The 737’s cockpit was basically the same in dimensions as Boeing’s first jets, the 707 and the 727, which had three guys (always guys then) at the sharp end. But the 737’s instrumentation had been shrunk to dashboard size and, argued Boeing and the airlines, it could be safely monitored with two pilots. The bean counters loved the numbers and, of course, they won.

It seems strange now that there was ever any fuss about that.

That being said, larger twin-aisle airliners often carry more than two pilots on long-haul routes. There can be a third relief pilot in the cabin who takes over, or a checking pilot in a jump seat behind the captain and copilot to assess their performance. In one extremely lucky case there were five pilots (including a checking pilot and relief pilots) aboard a Qantas Airbus A380 that suffered a disastrous engine failure on its way up from Singapore and made it safely back to the earth only because all five were there to nurse its instruments and controls.

But even having three pilots does not necessarily stave off disaster. When Air France Flight 447, an Airbus A330, hit trouble over the south Atlantic in 2009 the captain had left the cockpit, as apparently was the custom, and the airplane was being flown by the least experienced of the two copilots. That pilot, caught unawares by instrument failures, lost control and even though the captain got back into the cockpit it was too late to save the Airbus, which stalled and fell from 36,000 feet into the ocean.

But there are always futurists with Panglossian views of the redundancy of humans and the marvels of robots. Some dreamers have, for example, promoted the idea that with automated flight decks being so wonderful only one pilot would suffice, and he would be reduced to being, basically, a monitor watching over things while the computers did all the flying, from leaving the departure gate to reaching the destination gate.
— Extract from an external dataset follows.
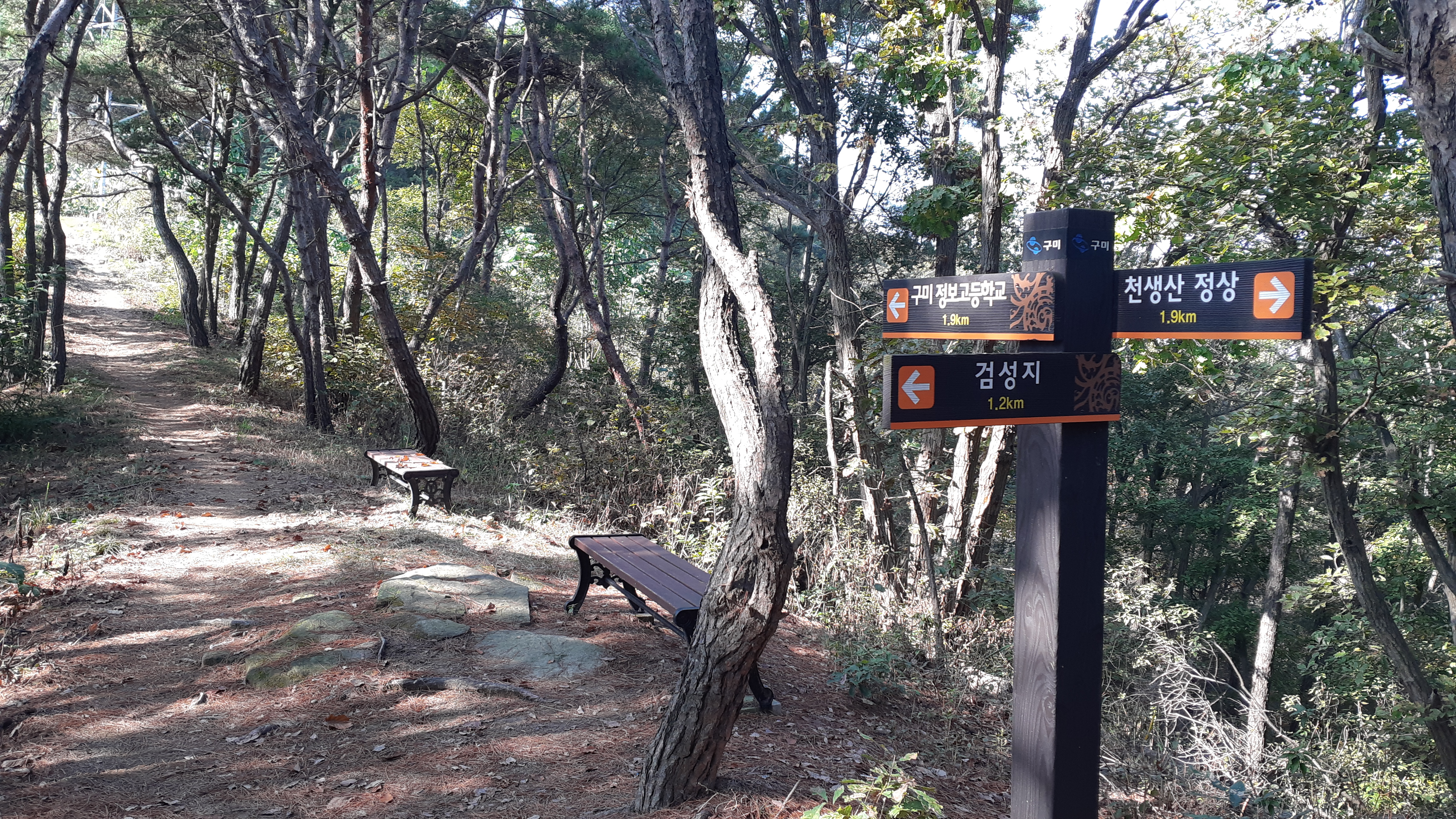 오늘은 홀로 대중교통을 이용하여 구미의 천생산(天生山)을 다녀오려고 새벽 일찍 집을 나선다. 먼저 도시철도 4/3호선을 환승하여 구포역에 도착하여 6시51분에 출발하는 무궁화호로 구미역에 도착 인근 버스승강장에서 구미시 황상동에 도착하니 9시40분경으로 3시간이 조금 더 걸렸다. 황상동에 내려 천생산 들머리인 구미정보고까지 도보로 약20여분 걸렸다. 오늘 찾으려는 천생산은 국제신문 근교산&그너머<815>에 소개된 코스를 그대로 따라간다. 오늘 찾을 이곳 천생산은 멀리서 봤을 때 하늘 천 자로 보여서 천생산이라 부른다고 한다.

Then, of course, there are the total tech believers. Remove people entirely, just like we already do in many automated commuter rail systems. Or take driverless cars, which are being touted as ready for trials—in theory the roads are a much more demanding environment than the skies, and roads don’t have air traffic controllers. The computers are much safer say the techies. They don’t make mistakes, only humans do that.

Well, our grandchildren may come to that place. Our grandchildren may live to be 150 years old and have brain replacements, following all the other organ replacements. But I’m damned sure that right now nobody of sober disposition will argue for the cockpit containing no humans at all.

Editor's Note: This story has been updated throughout.